Software is complicated, and as you gain users and features, the chance of failure grows. While testing is critical, it’s even more important that you can react quickly to outages as and when they happen.

Did I just delete that table in prod?
Did I just delete that table in prod?

In this post we talk about: our product, what kind of failures you might see in a production app, what and how to measure for good performance and finally, how to get notified when something goes wrong so you can react quickly. If you want to build a product your customers can trust, read on…

WeGift Connect

For context, let’s understand what we build at WeGift. Our core product is WeGift Connect. It offers payout solutions through a web portal and JSON API. The two main product journeys are split across our customers (the business) and consumers (their customers):

  • the order journey — where a customer sends value to end-users,
  • value collection — where a consumer uses the value they’ve been sent.

WeGift Connect also deals with accounting, invoicing, reporting, etc and connects to a plethora of third parties to provide payout through things like subscriptions and cryptocurrencies.

Connect is deployed to an AWS Kubernetes cluster, taking advantage of AWS services like Aurora, Lambda Functions, S3, et al. It’s implemented in Python 3 / Flask / Celery / TypeScript & Vue.js.

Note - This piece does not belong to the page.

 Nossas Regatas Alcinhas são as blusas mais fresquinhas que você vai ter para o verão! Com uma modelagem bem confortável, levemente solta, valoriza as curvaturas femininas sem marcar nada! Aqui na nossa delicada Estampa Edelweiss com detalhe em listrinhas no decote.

What’s service availability?

It is not enough to check if an application is up and running. Everything may work perfectly for 99% of your users, but may not for the remaining 1%. At WeGift, that 1% matters. Moreover, a problem impacting just a single user may grow to impact everyone.

What can go wrong?

Everything. Even hypothetical flawless software with high availability and load balancing can be disrupted. Where’s the risk in your application? Let’s look at some possibilities.

Software bugs

Bugs that abort a user’s journey, e.g. an order which results in a 5xx error or otherwise impedes the product’s usage all need to be tracked. We classify bug severity to help us respond appropriately. Classification depends on the use case and usage. Bugs related to order and value redemption processing, for example, would be Sev-1 or Sev-0 depending on impacted users.

Networking issues

Internal connectivity problems between gateway and application, between application and supporting services like DB, or between application microservices are likely to impact your customers. For us, these are usually handled by our cloud provider with only a handful of issues affecting our end user in the last four years.

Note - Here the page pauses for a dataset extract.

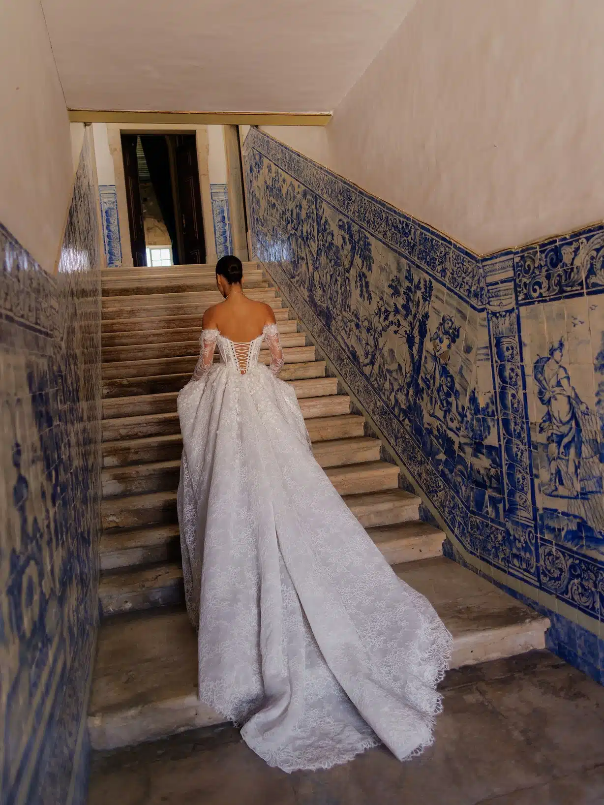 Detailliertes Kleid mit sanftem, tiefem Ausschnitt. Der voluminöse Guipure-Rock wird durch ein eng anliegendes, fest strukturiertes Korsettoberteil mit Perlenverzierung, Schnürung am Rücken und eleganten Spitzenlangenärmeln ausgeglichen.
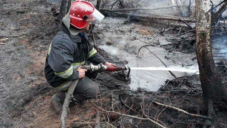По состоянию на воскресенье, 26 апреля, спасатели продолжают тушить лесные пожары в Житомирской области, несмотря на то, что в субботу по северу Украины прошли дожди. Там продолжают тлеть отдельные очаги травяного настила, пеньки и древесина.

External networking provides a greater challenge. WeGift Connect integrates with tens of API-s around the world from which we source value in real-time. And to keep focus on the core value WeGift delivers, we integrate with other services like email providers. That means we send a lot of outgoing requests to 3rd party servers and networking errors may impact the order & redemption flows.

External service failures

In addition to any networking issues that could happen on route, third party services may simply fail. With tens of integrations, there’s a high chance of failure at any given time. There are providers that are more reliable, and there are providers that frequently face technical problems. Their failure becomes our failure. While we put measures in place to mitigate this, we need to monitor them at all times.

High load

While order volumes usually fit our forecasts, there are events that trigger higher than typical order rates. While we are prepared to handle larger volumes than we currently do, we still need to monitor the impact of a higher request rate on the rest of the system and also verifying that the traffic is legitimate.

Scaling problems

As we grow there are parts of the system that might not be ready for that growth. A SQL query that worked perfectly a year ago, may no longer return data in a timely manner. An algorithm analysing in-memory data may have plenty of room today, but by the end of the year may end up terminating a pod, or maybe it will start burning CPU and affecting other processes in a container.

Alerting

Knowing what can potentially go wrong is a good start. The next step is knowing when, and understanding how to fix it.

General availability

This is one of the easiest things to set up and monitor in our current system. We have a lightweight endpoint that handles a request every minute. If the endpoint doesn’t respond, then we could be down. It’s that simple.

To do this we use Pingdom, which we’ve set up to make a HTTPS request to the /health endpoint on our application.

As well as availability, it provides some insight into application response times. If the application doesn’t respond in 30 seconds, it notifies us via PagerDuty and Slack. Pingdom also performs checks from multiple territories, giving us greater confidence in its reliability.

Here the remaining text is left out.